Andererseits akzeptiert der Betrachter beinahe automatisch, dass die durcheinander gebrachten Dinge dann DOCH zueinander passen und sogar Objekte zu Subjekten werden. So ruhen zwei Sessel, zwei Gestalten gleich, vor einem Bergpanorama. Die Statik ihrer eigentlichen Materialität wird auf subtile Weise überwunden – sie wirken beseelt, besitzen Persönlichkeit, erinnern an ein altes Ehepaar.
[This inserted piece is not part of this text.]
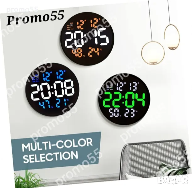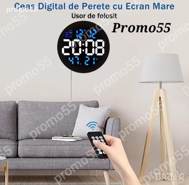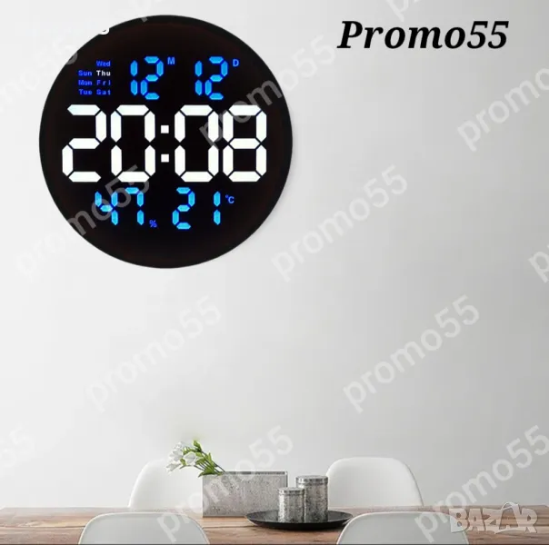 Цифров стенен или настолен часовник с регулируема яркост на лед дисплея и дистанционно управление.

Nach anfänglichem Schmunzeln des Zuschauers wird sich auch eine gewisse Ernsthaftigkeit in der Rezeption einstellen. Im wirren Durcheinander von gestrigen Dingen, altmodisch gekleideten Damen, antiquierten Gegenständen, eben verblichenen Motiven präsentiert Grohs ganz zeitlose Themenfelder: Das Bergpanorama vermittelt einen Hauch von Einsamkeit und Trauer, die Suppenschüssel scheint jegliches Konsumverhalten zu belächeln, in der stumpfen Zurschaustellung des weiblichen Körpers spiegeln sich Voyeurismus und die Objektivierung der Frau, Beziehung und Beziehungslosigkeit gipfeln im Arrangement von Henninger Turm und Kaffeekanne.

Der Betrachter wird nicht unbedingt das finden, wonach er sucht – und genau deswegen lohnt es sich, auf die Suche zu gehen.